### About this task
Write out exactly, excluding pictures, the lines from the one containing "A comprehensive search" through the end of the data, both included.

### Supplied data
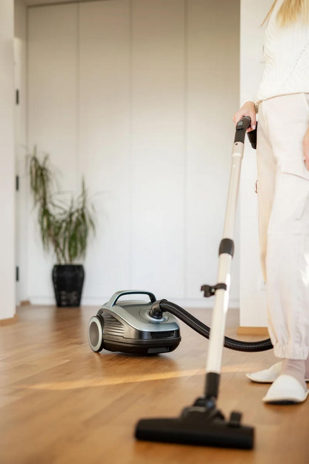 Пилосос MASTER поєднує високу потужність у 2300 Вт з ефективним всмоктуванням 470 Вт для глибокого очищення. Завдяки місткому пилозбірнику на 3 л та HEPA-фільтру прилад забезпечує якісне прибирання і чисте повітря. Зручність використання підкреслюють телескопічна алюмінієва трубка, сенсорне управління та індикатор заповнення мішка. Модель оснащена гумовими колесами, довгим кабелем 10 м і системою Active Bumper для захисту меблів.
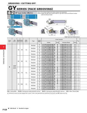GROOVING / CUTTING OFF WFHF CW H B HF H GROOVING / CUTTING OFF GYSERIES (FACE GROOVING) 4-2 00° type holder (Metric) Note 1) For modular blades and holders, please order separately.Note 2) Please use right hand modular blade for right hand holder and left hand modular Insert GY2Mooooooooo--G GSM Insert GY2Gooooooooo-MF blade for left hand holder. Insert GY2Mooooooooo-GU Insert GY2Mooooooooo-MS Insert GY11M G ooooooooo--G GFMGS Insert GY2Mooooooooo-MM CDX LF Insert GY2Mooooooooo-BM Fig. 1 Fig. 2DAXN/DAXXLHDAXN/DAXXLH LH 2 LH 2 Right hand tool holder shown. Order Number Seat CW DAXN DAXX CDXSize(mm)(mm) (mm)(mm)TypeHand(R/L) Fig.HolderStockModular BladeStock F Modular R GYHR2020K00-M25R a GYM25RD-D12-040 a 3LGYHL2020K00-M25LaGYM25LD-D12-040a3405012ModularRGYHR2525M00-M25RaGYM25RD-D12-040a1LGYHL2525M00-M25LaGYM25LD-D12-040a1ModularRGYHR3225P00-M25RaGYM25RD-D12-040a2LGYHL3225P00-M25LaGYM25LD-D12-040a2 Modular R GYHR3232P00-M25R a GYM25RD-D12-040 a 2LGYHL3232P00-M25LaGYM25LD-D12-040a2 Modular R GYHR2020K00-M25R a GYM25RD-D12-050 a 3LGYHL2020K00-M25LaGYM25LD-D12-050a3 50 60 12 Modular R GYHR2525M00-M25R a GYM25RD-D12-050 a 1LGYHL2525M00-M25LaGYM25LD-D12-050a1ModularRGYHR3225P00-M25RsGYM25RD-D12-050a2LGYHL3225P00-M25LsGYM25LD-D12-050a2 D 2.002.24 Modular R GYHR3232P00-M25R s GYM25RD-D12-050 a 2LGYHL3232P00-M25LsGYM25LD-D12-050a2ModularRGYHR2020K00-M25RaGYM25RD-D12-060a3LGYHL2020K00-M25LaGYM25LD-D12-060a3 60 75 12 Modular R GYHR2525M00-M25R a GYM25RD-D12-060 a 1LGYHL2525M00-M25LaGYM25LD-D12-060a1ModularRGYHR3225P00-M25RsGYM25RD-D12-060a2LGYHL3225P00-M25LsGYM25LD-D12-060a2 Modular R GYHR3232P00-M25R s GYM25RD-D12-060 a 2LGYHL3232P00-M25LsGYM25LD-D12-060a2 Modular R GYHR2020K00-M25R a GYM25RD-D12-075 a 3LGYHL2020K00-M25LaGYM25LD-D12-075a3 75 100 12 Modular R GYHR2525M00-M25R a GYM25RD-D12-075 a 1LGYHL2525M00-M25LaGYM25LD-D12-075a1ModularRGYHR3225P00-M25RsGYM25RD-D12-075a2LGYHL3225P00-M25LsGYM25LD-D12-075a2 Modular R GYHR3232P00-M25R s GYM25RD-D12-075 a 2LGYHL3232P00-M25LsGYM25LD-D12-075a2 CW = Cutting Width DAXN = Axial groove outside diameter minimum DAXX = Axial groove outside diameter maximum CDX = Max. Groove Depth *1 Dimensions shown are when gauge insert is used. If other insert geometries are used then LF, LH, LH 2, and WF values may vary. a : USA Stock s : Stocked in Japan F128
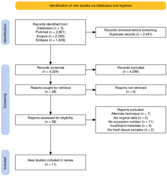 A comprehensive search of PubMed, Scopus, and Embase databases identified 6825 records published up to 31 December 2023 (Figure 1). After removing duplicates, 4334 records remained for screening. Title and abstract screening excluded 4296 records based on irrelevance, including studies unrelated to the microbiome, non-human microbiome studies and microbiome studies of non-breast tissue samples including breast milk, nipple aspirate fluid, feces, gut, saliva, oral, nasal, nasopharyngeal, respiratory, vaginal, urine, and blood. This left 38 full-text articles for eligibility assessment.
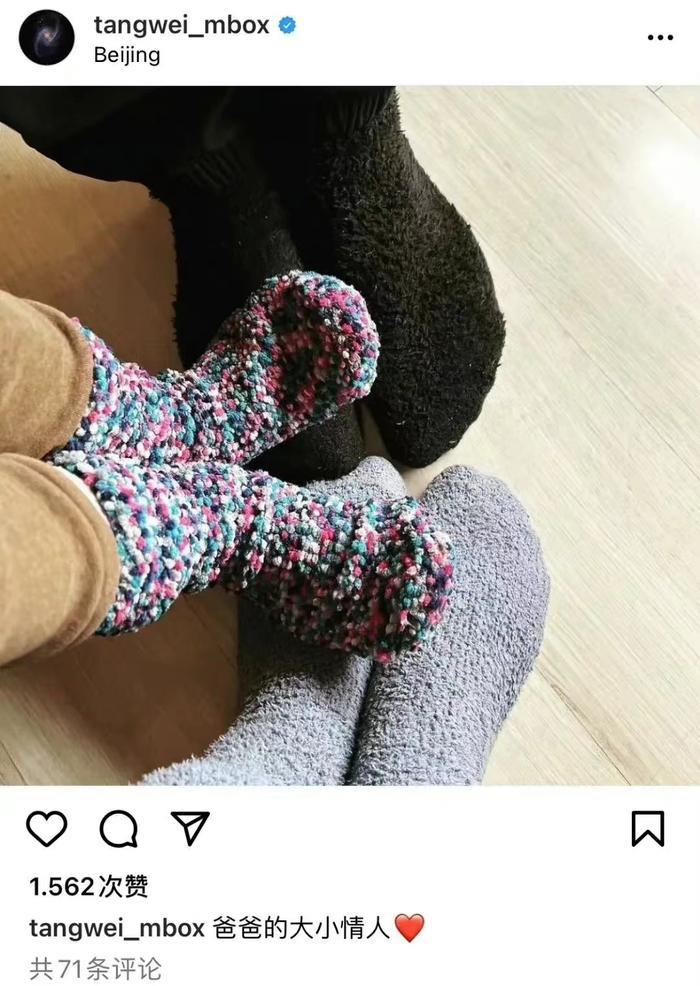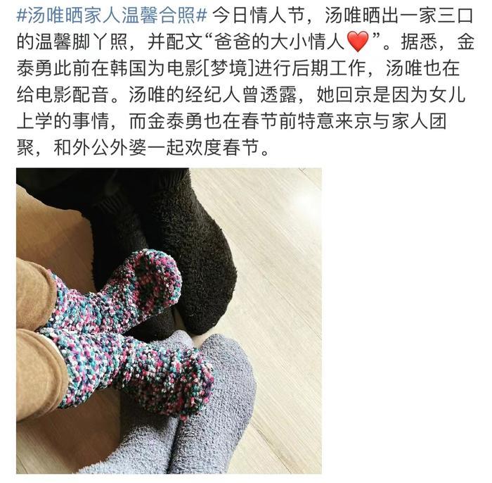 情人节成为了很多已婚或者有另一半的明星秀恩爱的时候,一向低调的汤唯在社交平台晒出了一家三口的合照,配文是:“爸爸的大小情人”。一家三口穿着绒袜入镜,女儿的花色小袜子显得尤为可爱。虽然脸部没有出镜,不过大家都看出了她有多幸福。

### Exercise result
 A comprehensive search of PubMed, Scopus, and Embase databases identified 6825 records published up to 31 December 2023 (Figure 1). After removing duplicates, 4334 records remained for screening. Title and abstract screening excluded 4296 records based on irrelevance, including studies unrelated to the microbiome, non-human microbiome studies and microbiome studies of non-breast tissue samples including breast milk, nipple aspirate fluid, feces, gut, saliva, oral, nasal, nasopharyngeal, respiratory, vaginal, urine, and blood. This left 38 full-text articles for eligibility assessment.
 情人节成为了很多已婚或者有另一半的明星秀恩爱的时候,一向低调的汤唯在社交平台晒出了一家三口的合照,配文是:“爸爸的大小情人”。一家三口穿着绒袜入镜,女儿的花色小袜子显得尤为可爱。虽然脸部没有出镜,不过大家都看出了她有多幸福。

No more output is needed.